WORK ORDER: The listing must be copied out in full and exactly; no images go with it.

SUPPLIED INFORMATION:
·····
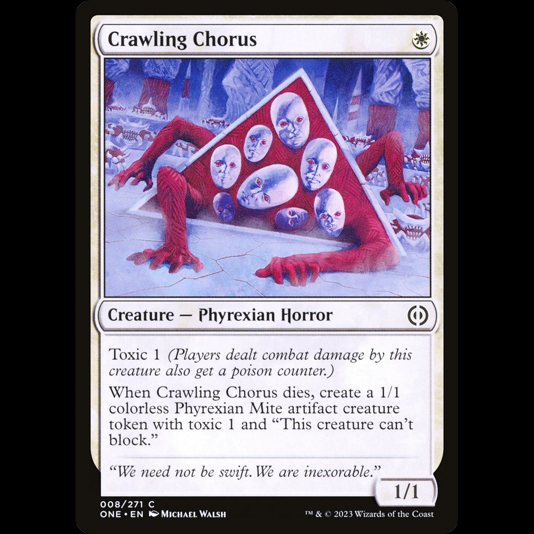 When Crawling Chorus dies, create a 1/1 colorless Phyrexian Mite artifact creature token with toxic 1 and "This creature can't block."
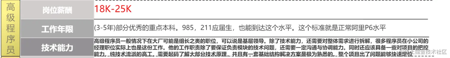 上述能力模型是基于大部分程序员基础现状综合现状进行整合,个别数据可能会有不精准,同时标准基于大部分互联网大厂技能模型进行设定,小公司请参考薪资范围定级。(级别会骗人,薪资不会骗人)。
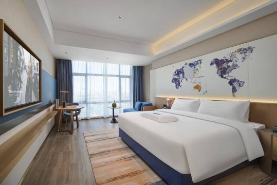 大的综合性酒店旅游产业集团之一的锦江国际集团。酒店倡导“活在当下,尽享此刻”(Seize The Moment)的生活态度,围绕“旅行、探索、世界”三大关键词,致力于打造“激发旅行乐趣,激活探索人生”的国际中端商旅酒店品牌。
·····
WRITTEN RESPONSE:
 When Crawling Chorus dies, create a 1/1 colorless Phyrexian Mite artifact creature token with toxic 1 and "This creature can't block."
 上述能力模型是基于大部分程序员基础现状综合现状进行整合,个别数据可能会有不精准,同时标准基于大部分互联网大厂技能模型进行设定,小公司请参考薪资范围定级。(级别会骗人,薪资不会骗人)。
 大的综合性酒店旅游产业集团之一的锦江国际集团。酒店倡导“活在当下,尽享此刻”(Seize The Moment)的生活态度,围绕“旅行、探索、世界”三大关键词,致力于打造“激发旅行乐趣,激活探索人生”的国际中端商旅酒店品牌。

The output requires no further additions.